Like \(2\times 2\) case, general rule of thumb: \(E_{ij} >5\) for all \(i,j\).

# More than two tables

## Your Turn

Is party preference associated with level of education?

Find the sample odds ratio for these two states?

education | democrat | rebublican |
---|---|---|

college | 3 | 27 |

no college | 7 | 63 |

education | democrat | rebublican |
---|---|---|

college | 63 | 7 |

no college | 27 | 3 |

## Your turn

Now combine two tables and find the odds ratio.

education | democrat | rebublican |
---|---|---|

college | 66 | 34 |

no college | 34 | 66 |

## Simpson’s paradox

“…in which a trend appears in different groups of data but disappears or reverses when these groups are combined.”

https://en.wikipedia.org/wiki/Simpson%27s_paradox

The Mantel-Haenszel procedure attempts to avoid the paradox by combining the individual odds ratios (rather than collapsing the tables and computing a single odds ratio)

## Mantel-Haenszel odds ratio

\(k\) tables, indexed by \(j = 1, \ldots, k\).

Individual table odds ratio estimates: \[ \hat{\omega}_j = \frac{a_j d_j}{b_j c_j} \]

Combine in a weighted average: \[ \hat{\omega}_{MH} = \sum_{j= 1}^k \text{weight}^*_j \times \hat{\omega}_j \] where \[ \text{weight}^*_j = \frac{\text{weight}_j}{\sum{\text{weight}_j}} \quad \text{ and } \text{weight}_j = \frac{b_jc_j}{N_j} \]

## Your Turn

Find \(\hat{\omega}_{MH}\) for the two tables:

education | democrat | rebublican |
---|---|---|

college | 3 | 27 |

no college | 7 | 63 |

education | democrat | rebublican |
---|---|---|

college | 63 | 7 |

no college | 27 | 3 |

## Mantel-Haenszel test

\(H_0: \omega_j = 1\) for all \(j = 1, \ldots, k\)

\[ X = \frac{\left(\sum_{j = 1}^{k}( a_j - E(a_j)) \right)^2}{\sum_{j = 1}^{k} Var(a_j)} \]

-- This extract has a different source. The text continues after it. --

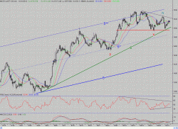 Исследуя 2- часовой график индекса ММВБ, видим, что после непродолжительной утренней консолидации котировки пошли в рост. Однако активность покупателей ввиду предстоящих длинных выходных была невысокой, и после обеда котировки легли в «дрейф». В результате день закрылся в небольшом плюсе (0,29%).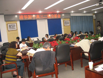 研讨会上,首先由尹粉玉老师对全区及附中的“二模”成绩进行分析,结合考试中反映的问题提出“树立信心、稳扎稳打”的工作指导思想,从“系统回归、查漏补缺,强调规范、提升技巧,调整心态、自信应考”等方面对备课组和班级工作提出建议。随后,高三各班级工作组在班主任的牵头下,结合志愿填报和“二模”中出现的问题研究考前工作,并对最后冲刺阶段的班级工作与任课教师进行交流。此后,语、数、外、理综、文综备课组进行分组讨论,分析问题、规划下阶段工作,并就研讨结果进行大会报告。年级组长徐海鹰介绍下一阶段年级工作安排和工作重点。

\[ E(a_j) = \frac{(R_{1j})(C_{1j})}{N_j} \]

\[ Var(a_j) = \frac{R_{1j}C_{1j}R_{2j}C_{2j}}{N_j^2(N_j - 1)} \]

Under the null hypothesis \(X \dot \sim \chi^2_1\). Reject \(H_0\) for large values of \(X\).

## In R

`mantelhaen.test(df$education, df$party, z = df$state)`

```
##
## Mantel-Haenszel chi-squared test without
## continuity correction
##
## data: df$education and df$party and df$state
## Mantel-Haenszel X-squared = 0, df = 1,
## p-value = 1
## alternative hypothesis: true common odds ratio is not equal to 1
## 95 percent confidence interval:
## 0.3649129 2.7403803
## sample estimates:
## common odds ratio
## 1
```

## Mantel-Haenszel Cautions

The test assumes the odds ratio is the same in all \(k\) tables.

- If this assumption is not met, it’s difficult to interpret the p-value, and it doesn’t make sense to estimate a common odds ratio.
- The test may fail to reject the null if the odds ratios are different from 1 but in opposite directions.